=== Section Start ===

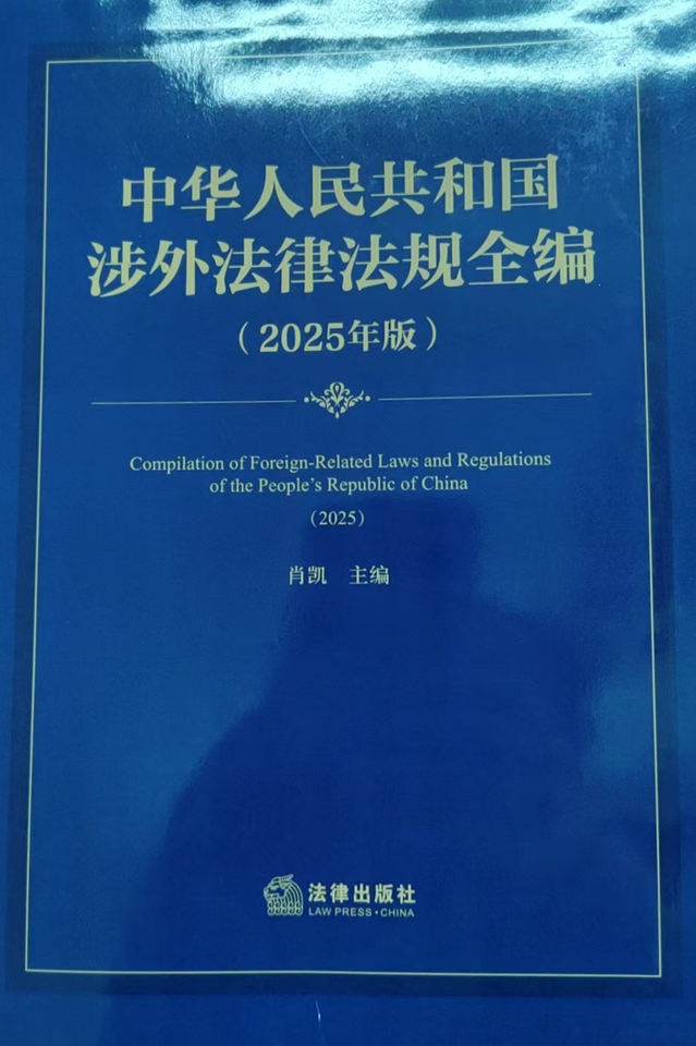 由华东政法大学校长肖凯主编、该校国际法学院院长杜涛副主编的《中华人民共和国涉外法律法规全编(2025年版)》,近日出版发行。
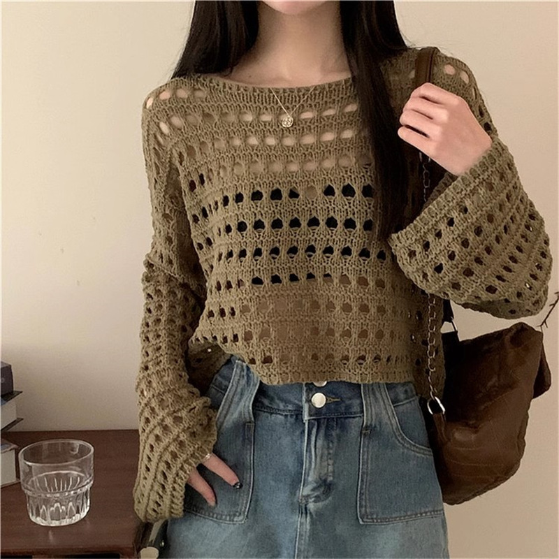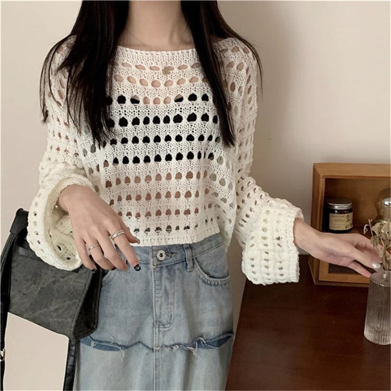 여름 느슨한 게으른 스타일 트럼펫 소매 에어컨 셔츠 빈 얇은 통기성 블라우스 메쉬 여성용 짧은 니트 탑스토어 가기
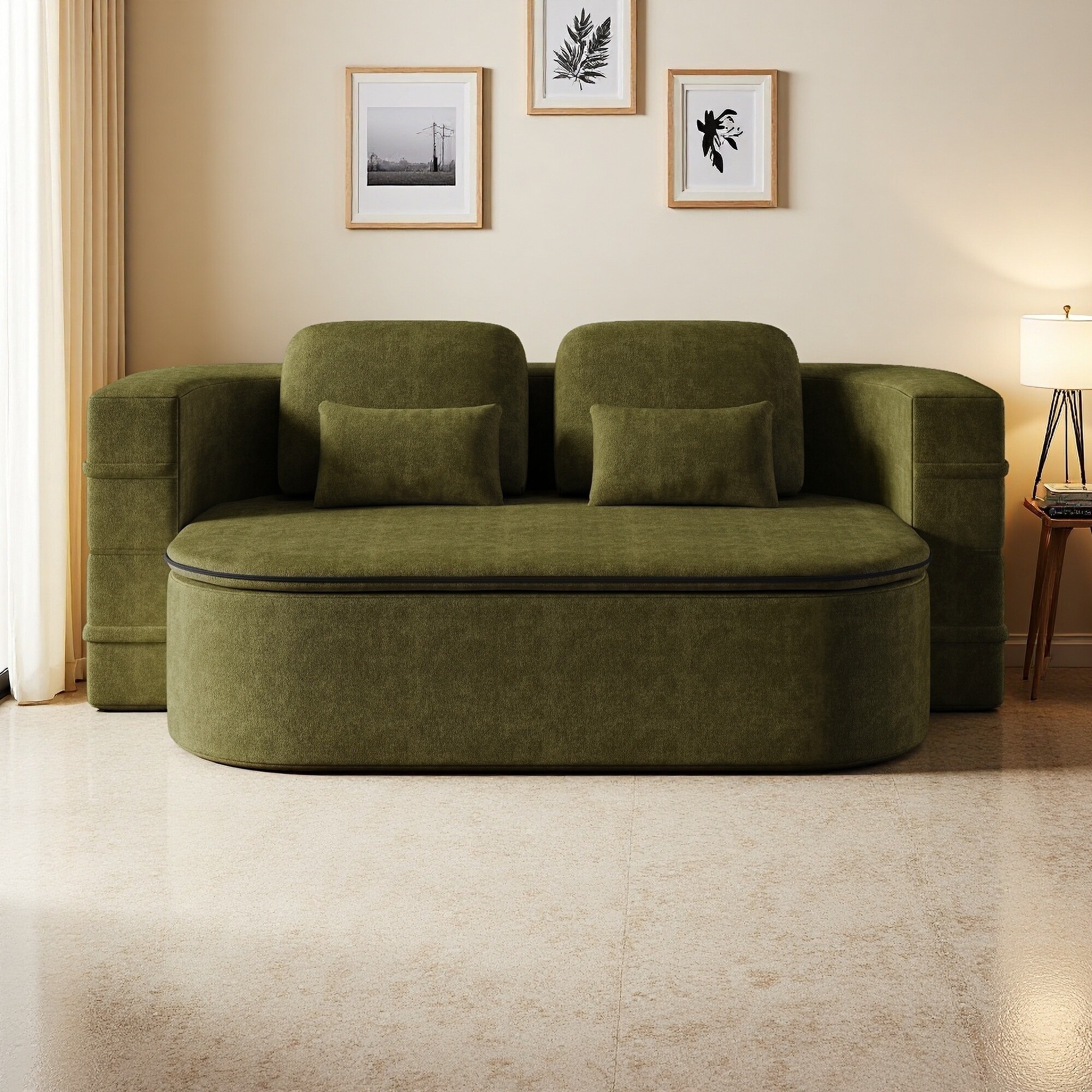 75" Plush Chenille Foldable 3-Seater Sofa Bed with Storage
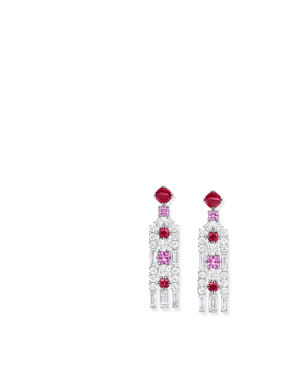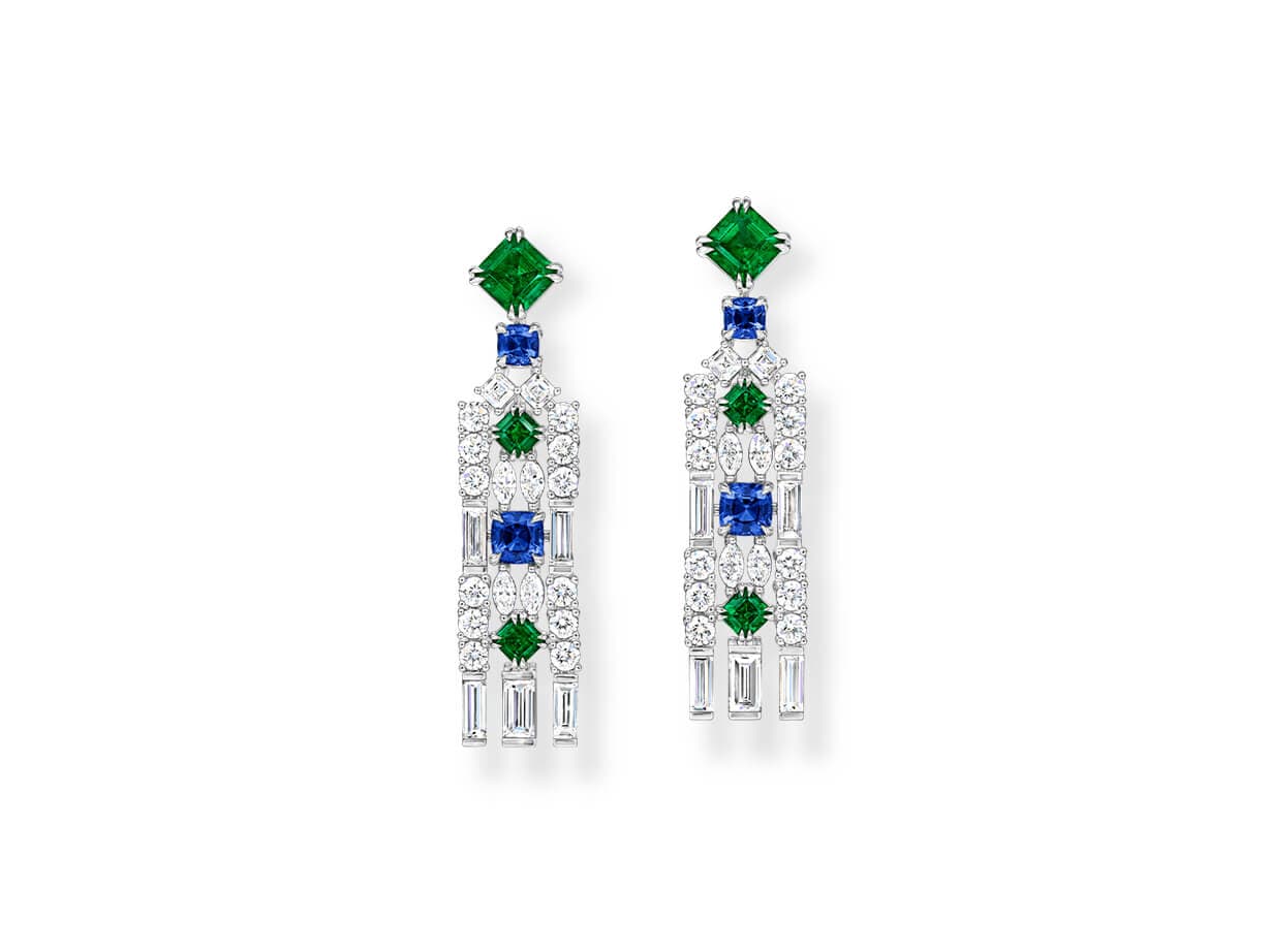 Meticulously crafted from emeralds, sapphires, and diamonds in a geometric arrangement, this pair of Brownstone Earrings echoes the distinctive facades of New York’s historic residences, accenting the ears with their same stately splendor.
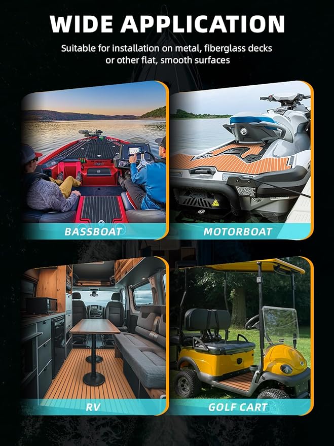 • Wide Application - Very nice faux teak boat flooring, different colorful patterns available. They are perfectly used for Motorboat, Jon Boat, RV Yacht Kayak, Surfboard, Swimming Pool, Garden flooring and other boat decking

=== Section End ===

The task: Begin with the line holding "Meticulously crafted from" and end with the last line of the listing. Reproduce each of those lines exactly, and leave every picture out.

Response below:
 Meticulously crafted from emeralds, sapphires, and diamonds in a geometric arrangement, this pair of Brownstone Earrings echoes the distinctive facades of New York’s historic residences, accenting the ears with their same stately splendor.
 • Wide Application - Very nice faux teak boat flooring, different colorful patterns available. They are perfectly used for Motorboat, Jon Boat, RV Yacht Kayak, Surfboard, Swimming Pool, Garden flooring and other boat decking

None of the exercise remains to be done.